Most patients use dizziness as a non-specific term, and thus suffer prejudice from the physicians’ end and can be disregarded frequently. Dizziness can be a symptom of various diseases, some with sinister pathologies. We present a case of garden-variety vertigo that unfurled to be not-so-simple, emphasizing the importance of a thorough history and physical examination again even in the era of technology.
Clinical presentation
A 32-year-old male patient with no past medical history presented with dizziness, later clarified as gradually progressive vertigo for two years, with unstable gait, dysarthria, and occasional diplopia. Patient denied headache, nausea, vomiting, tinnitus, hearing loss, muscle weakness, seizures or loss of consciousness. Physical examination found sustained nystagmus that changed direction with horizontal gaze, vertical nystagmus with upward gaze, dysarthria, and a wide-based ataxic gait. CT head without contrast revealed indeterminate hypodense areas in the left midbrain, pons and cerebellar hemisphere. MRI brain identified a 2.8 x 3.4 x 4.2 cm Spetzler-Martin Grade IV brainstem arteriovenous malformation (AVM) involving the left midbrain, pons, and cerebellum. Feeders were mostly from the posterior circulation, with 3 intranidal aneurysms, all draining into the deep venous system. The AVM was deemed inoperable and the patient was treated with onyx embolization for 2/3 feeding vessel aneurysms.

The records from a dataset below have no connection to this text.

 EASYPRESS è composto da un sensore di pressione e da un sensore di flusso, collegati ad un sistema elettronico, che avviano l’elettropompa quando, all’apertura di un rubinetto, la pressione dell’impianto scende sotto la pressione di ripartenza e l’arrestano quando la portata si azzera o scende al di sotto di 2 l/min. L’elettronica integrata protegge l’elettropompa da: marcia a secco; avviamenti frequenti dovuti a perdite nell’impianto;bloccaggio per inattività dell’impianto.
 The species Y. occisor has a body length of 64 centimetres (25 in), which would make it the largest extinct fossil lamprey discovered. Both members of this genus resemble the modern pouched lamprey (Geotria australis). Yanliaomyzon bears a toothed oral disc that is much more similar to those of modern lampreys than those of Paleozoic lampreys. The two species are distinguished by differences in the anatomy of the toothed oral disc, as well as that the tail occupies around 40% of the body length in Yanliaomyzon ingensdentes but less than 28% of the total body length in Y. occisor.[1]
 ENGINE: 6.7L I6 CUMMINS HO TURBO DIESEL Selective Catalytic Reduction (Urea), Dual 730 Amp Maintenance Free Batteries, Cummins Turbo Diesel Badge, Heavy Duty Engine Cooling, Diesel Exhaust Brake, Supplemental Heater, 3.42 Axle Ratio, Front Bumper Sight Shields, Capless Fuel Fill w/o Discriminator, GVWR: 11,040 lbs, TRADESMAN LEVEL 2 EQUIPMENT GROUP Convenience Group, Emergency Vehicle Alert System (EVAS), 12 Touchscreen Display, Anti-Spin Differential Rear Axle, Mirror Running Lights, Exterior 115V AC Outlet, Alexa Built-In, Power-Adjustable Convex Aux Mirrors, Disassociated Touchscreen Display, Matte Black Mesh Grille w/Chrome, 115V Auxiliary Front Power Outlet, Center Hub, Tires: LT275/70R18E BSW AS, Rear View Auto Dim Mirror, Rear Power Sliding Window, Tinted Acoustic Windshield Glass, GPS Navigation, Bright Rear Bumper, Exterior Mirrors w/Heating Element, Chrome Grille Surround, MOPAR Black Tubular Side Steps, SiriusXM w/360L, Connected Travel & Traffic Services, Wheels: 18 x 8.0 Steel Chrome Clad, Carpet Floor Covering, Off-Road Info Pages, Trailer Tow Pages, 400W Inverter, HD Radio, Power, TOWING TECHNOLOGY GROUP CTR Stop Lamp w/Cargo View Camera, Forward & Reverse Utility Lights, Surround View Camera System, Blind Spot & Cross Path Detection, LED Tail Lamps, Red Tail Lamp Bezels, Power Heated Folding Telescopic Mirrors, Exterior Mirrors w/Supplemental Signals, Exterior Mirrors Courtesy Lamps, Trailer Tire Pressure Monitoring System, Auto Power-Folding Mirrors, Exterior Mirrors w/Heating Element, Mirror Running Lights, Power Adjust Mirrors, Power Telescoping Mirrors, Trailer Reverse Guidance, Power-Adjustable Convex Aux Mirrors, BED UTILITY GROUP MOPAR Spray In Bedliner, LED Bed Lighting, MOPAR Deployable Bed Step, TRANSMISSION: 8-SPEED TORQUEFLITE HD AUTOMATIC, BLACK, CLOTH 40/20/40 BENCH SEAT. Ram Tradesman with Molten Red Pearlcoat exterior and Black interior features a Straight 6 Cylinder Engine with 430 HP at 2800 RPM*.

After treatment, the symptoms persisted, and the patient was diagnosed with Major Depressive Disorder (MDD) six months after diagnosis, and was admitted a year later with suicidal ideation and substance use disorder.

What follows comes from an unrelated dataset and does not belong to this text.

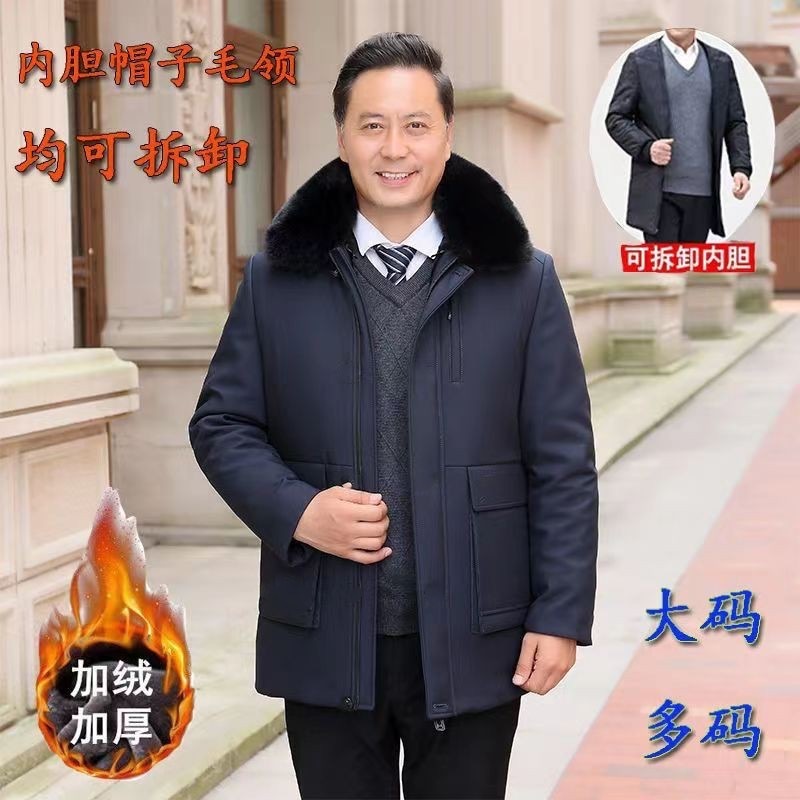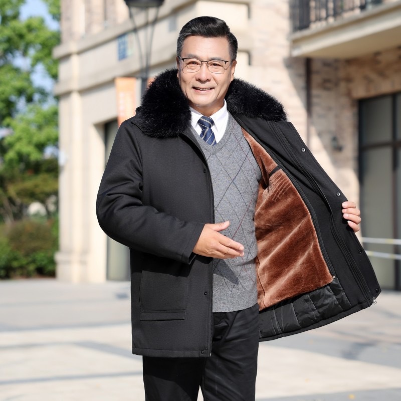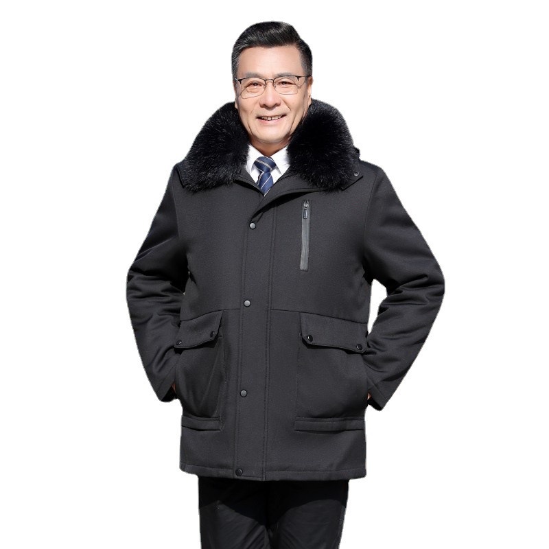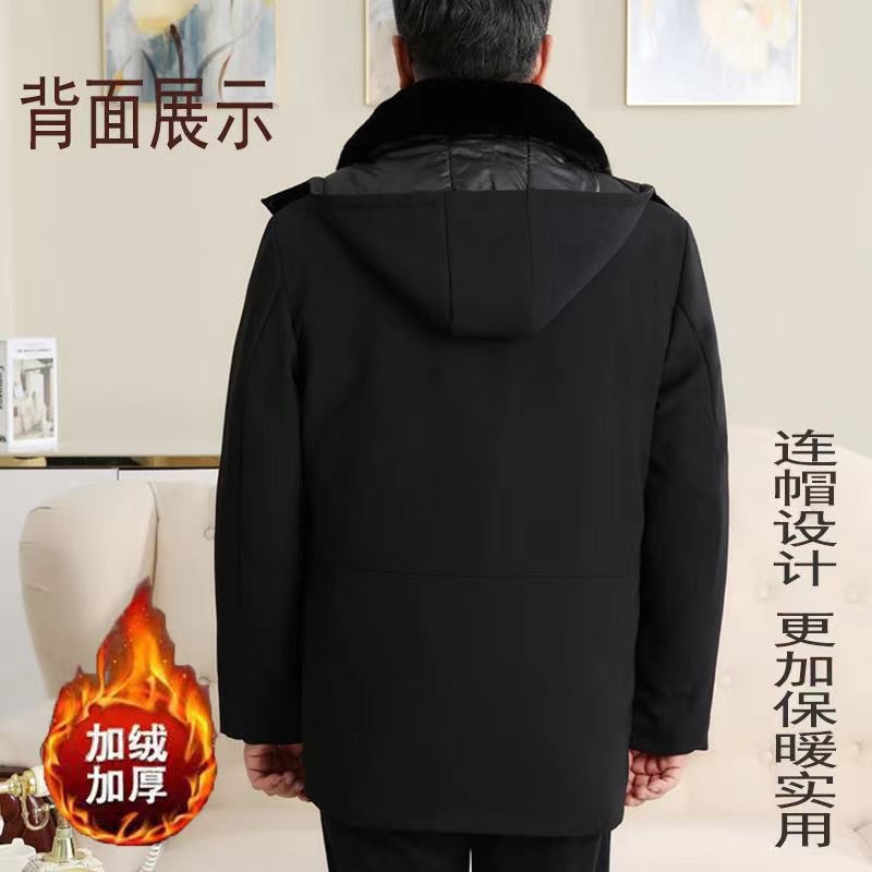 Dad's Winter Clothing, Middle-Aged and Elderly Men's Fleece-Lined Cotton Jacket, Thickened Cold-Proof Fur Collar Hooded Casual Parka Jacket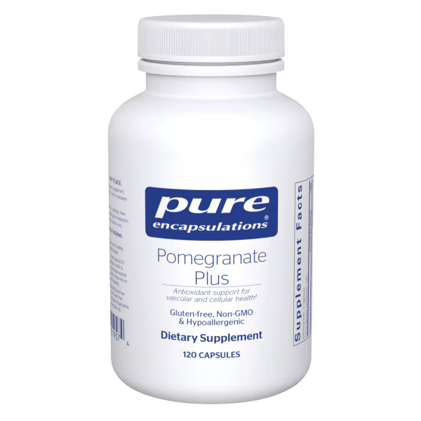 Pomegranate Plus offers the clinically researched Pomella pomegranate extract, manufactured using patented technology to concentrate punicalagin and polyphenols. These components, as well as their metabolites in the body, contribute to the antioxidant and cellular support properties of pomegranate. In vitro, Pomella pomegranate was shown to rank highest in antioxidant activity compared to other antioxidant products, including green tea, grape seed extract, resveratrol, and goji. Antioxidant efficacy was also demonstrated in a human pharmacokinetic study, in which 800 mg of Pomella pomegranate increased ORAC (oxygen radical absorbance capacity) by 32% after 0.5 hours. Preliminary research also suggests that the gut-derived metabolites called urolithins may penetrate the blood-brain barrier, offering potential neuroprotective properties. These same may support healthy glucose metabolism. Through a variety of mechanisms, pomegranate supports vascular endothelial functionand healthy blood flow. PhytoCardio proprietary blend provides fruit extracts from cranberry and blueberry, which provide antioxidant support. The prized palm berry açai of Brazil, where it is known as "the fruit of life", is recognized for its unique antioxidant profile.

Discussion: Brain AVMs are a rare clinical entity present in 0.1% of the population.2 They are the most dangerous congenital vascular malformations, commonly presenting with intracranial hemorrhage (ICH) (41-79%) 3 or seizure (11-33%) 4,5. When they do rarely present with isolated focal neurologic deficits, it has been attributed to a vascular steal phenomenon, hemorrhage or a mass effect6.
The isolated findings of vertigo and dysarthria without hemorrhage or seizures such as in our patient are highly non-specific and have a multitude of differential diagnoses; with such presentation clinicians should consider etiologies under the realm of vertigo of central origin.

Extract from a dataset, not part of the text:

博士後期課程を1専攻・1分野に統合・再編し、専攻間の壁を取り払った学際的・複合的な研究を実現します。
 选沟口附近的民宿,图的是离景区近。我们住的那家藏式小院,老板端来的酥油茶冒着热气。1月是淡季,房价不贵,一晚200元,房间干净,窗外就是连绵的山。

Conclusions: While approaching vertigo, a thorough history focused on duration and onset of the vertigo, and physical examination focusing on focal neurologic deficits, eye movements, nystagmus, cranial nerves and cerebellar exam are pivotal. An untreatable AVM reduces patients’ quality of life and has been linked to depression and anxiety7-10, and thus patients may benefit from psychosocial therapy. Although preventing ICH is the primary concern with brain AVMs, the rest of the patient’s profile should not be forgotten.